▸ TASK DETAILS: For this exercise, transcribe all the entries exactly as given and omit the images.

Stored items from a collection

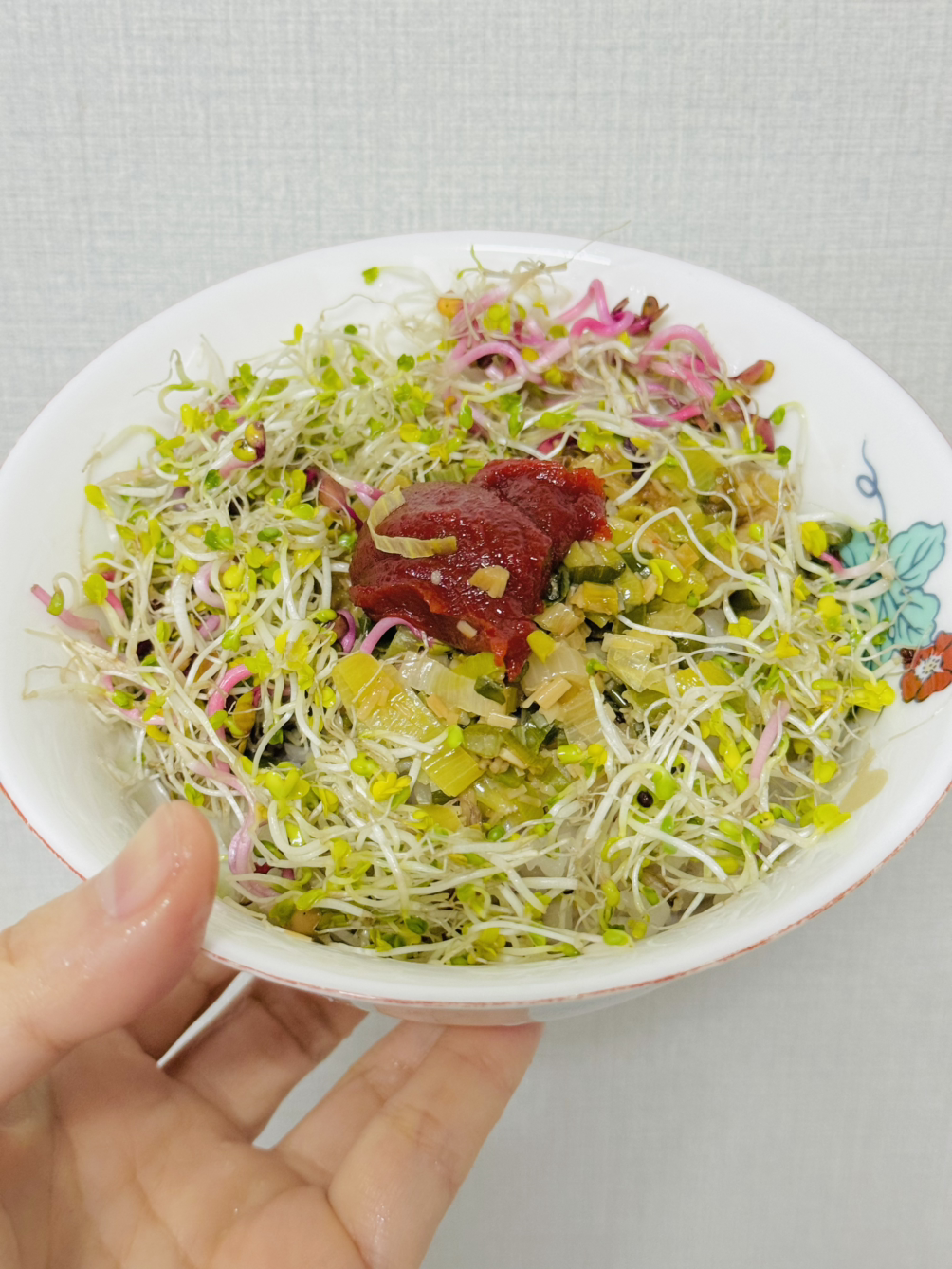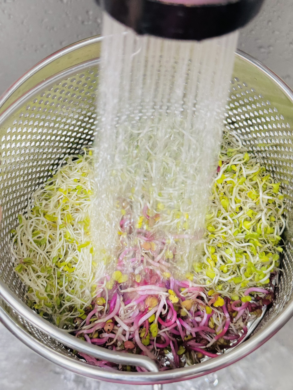 9. 비빔밥 버전 2는 새싹 야채를 깨끗하게 씻어서
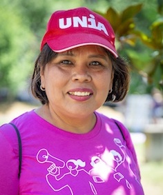 «Il faut défendre nos droits: on veut de meilleurs salaires, des retraites dignes et de meilleures conditions de travail. Je travaille quatre heures par jour en horaire coupé, tôt le matin et en fin de journée: du coup, ce n’est pas du tout pratique avec mes enfants. Je suis membre chez Unia depuis trois ans. Le syndicat me soutient et m’aide, et j’en suis très satisfaite. C’est grâce au syndicat qu’on a obtenu des hausses des salaires minimums.»
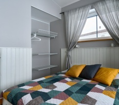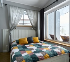 Уютный апартамент класса комфорт + с двумя отдельными спальнями и гостиной зоной. Подойдет для комфортного отдыха семьи с детьми, 2-х семей с детьми, компании друзей. Панорамное остекление фасада, терраса. Каждый апартамент оснащен - финская сауна, лаунж зона для детей, полностью укомплектованная кухня, стиральная и посудомоечная машина, телевизор Smart-TV, холодильник, микроволновая печь, кофеварка, чайник, варочная панель, кондиционер.
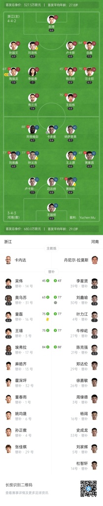全场比赛结束,浙江主场2-2遭河南绝平。
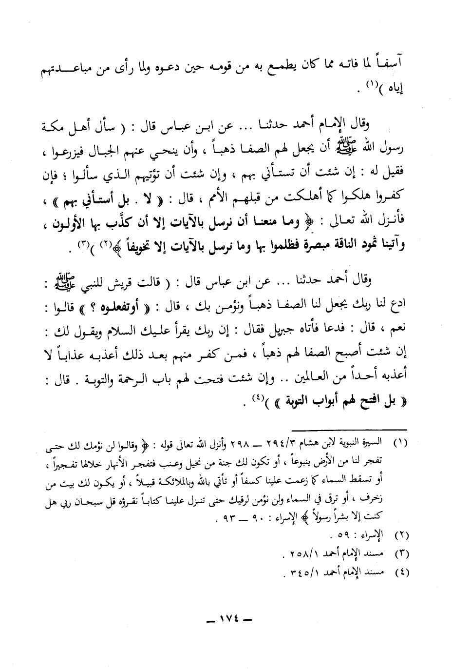 (¬1) السيرة النبوية لابن هشام 294/ 3 - 298 وأنزل الله تعالى قوله: {وقالوا لن نؤمن لك حتى تفجر لنا من الأرض ينبوعا أو تكون لك جنة من نخيل وعنب فتفجر الأنهار خلالها تفجيرا أو تسقط السماء كما زعمت علينا كسفا أو تأتي بالله والملائكة قبيلا أو يكون لك بيت من زخرف، أو ترقى في السماء ولن نؤمن لرقيك حتى تنزل علينا كتابا نقرؤه قل سبحان ربي هل كنت إلا بشر رسولا} الإسراء: 90 - 93.
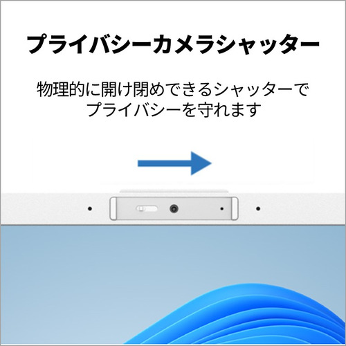 物理的にWebカメラのレンズを隠せる、プライバシーカメラシャッター搭載。動画やWeb視聴時、パソコンを使わない時には閉じておけば安心です。
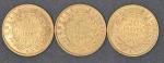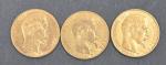 Trois pièces 20 Francs or Napoléon III tête nue 1856 (2) et 1858 (1). Vendue sur désignation. Frais acheteur réduit à 14.28 % TTC.
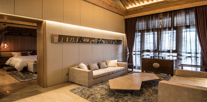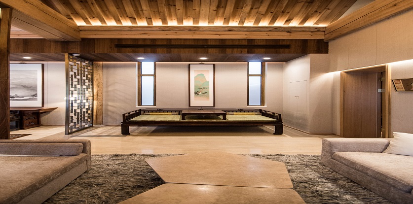 項目結合了中西方傳統和現代藝術。起居室的靈感源于幽靜的山脈,既有中式家具的運用,又不乏現代感。
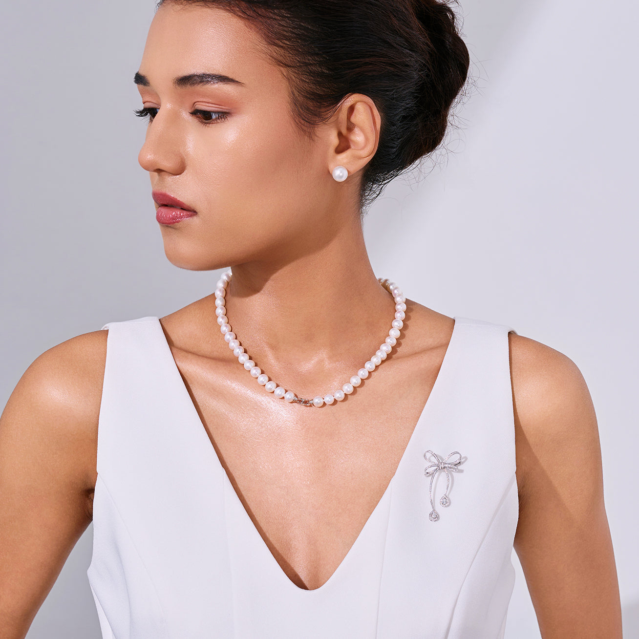 18K金淡水珍珠項鍊與胸針 KN00019 | RIBBON
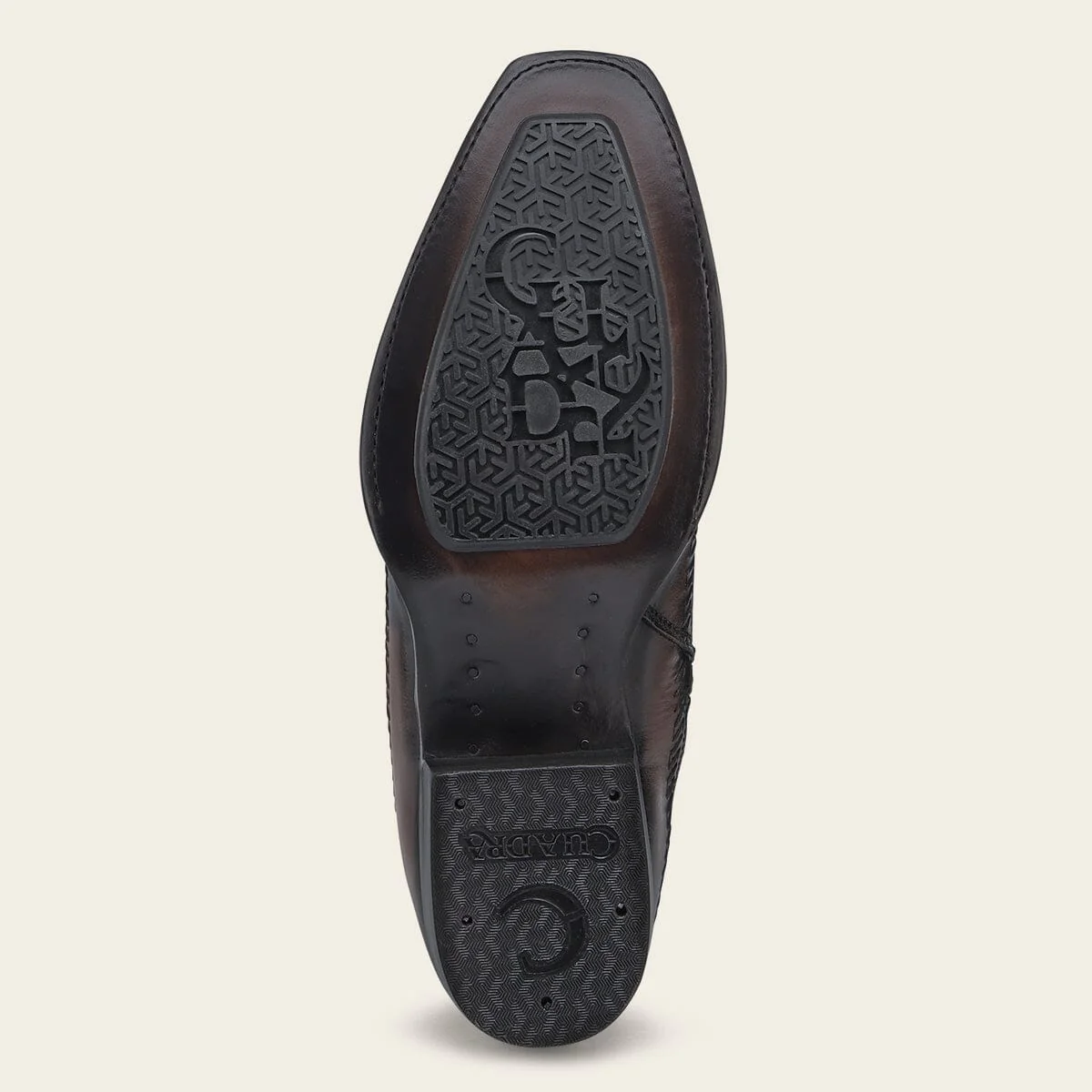 Bota casual para caballero en piel genuina de bovino. Presenta grabado y perforado láser, tejido artesanal y aplicación metálica del monograma Cuadra. Ajustada con cierre interno. Cuenta con las nuevas tecnologías: planta Ortholite, plantilla flex removible y tubo con entretelas suaves. Suela de hule con injerto de TPU antiderrapante.

▸ COMPLETED EXERCISE:
 9. 비빔밥 버전 2는 새싹 야채를 깨끗하게 씻어서
 «Il faut défendre nos droits: on veut de meilleurs salaires, des retraites dignes et de meilleures conditions de travail. Je travaille quatre heures par jour en horaire coupé, tôt le matin et en fin de journée: du coup, ce n’est pas du tout pratique avec mes enfants. Je suis membre chez Unia depuis trois ans. Le syndicat me soutient et m’aide, et j’en suis très satisfaite. C’est grâce au syndicat qu’on a obtenu des hausses des salaires minimums.»
 Уютный апартамент класса комфорт + с двумя отдельными спальнями и гостиной зоной. Подойдет для комфортного отдыха семьи с детьми, 2-х семей с детьми, компании друзей. Панорамное остекление фасада, терраса. Каждый апартамент оснащен - финская сауна, лаунж зона для детей, полностью укомплектованная кухня, стиральная и посудомоечная машина, телевизор Smart-TV, холодильник, микроволновая печь, кофеварка, чайник, варочная панель, кондиционер.
全场比赛结束,浙江主场2-2遭河南绝平。
 (¬1) السيرة النبوية لابن هشام 294/ 3 - 298 وأنزل الله تعالى قوله: {وقالوا لن نؤمن لك حتى تفجر لنا من الأرض ينبوعا أو تكون لك جنة من نخيل وعنب فتفجر الأنهار خلالها تفجيرا أو تسقط السماء كما زعمت علينا كسفا أو تأتي بالله والملائكة قبيلا أو يكون لك بيت من زخرف، أو ترقى في السماء ولن نؤمن لرقيك حتى تنزل علينا كتابا نقرؤه قل سبحان ربي هل كنت إلا بشر رسولا} الإسراء: 90 - 93.
 物理的にWebカメラのレンズを隠せる、プライバシーカメラシャッター搭載。動画やWeb視聴時、パソコンを使わない時には閉じておけば安心です。
 Trois pièces 20 Francs or Napoléon III tête nue 1856 (2) et 1858 (1). Vendue sur désignation. Frais acheteur réduit à 14.28 % TTC.
 項目結合了中西方傳統和現代藝術。起居室的靈感源于幽靜的山脈,既有中式家具的運用,又不乏現代感。
 18K金淡水珍珠項鍊與胸針 KN00019 | RIBBON
 Bota casual para caballero en piel genuina de bovino. Presenta grabado y perforado láser, tejido artesanal y aplicación metálica del monograma Cuadra. Ajustada con cierre interno. Cuenta con las nuevas tecnologías: planta Ortholite, plantilla flex removible y tubo con entretelas suaves. Suela de hule con injerto de TPU antiderrapante.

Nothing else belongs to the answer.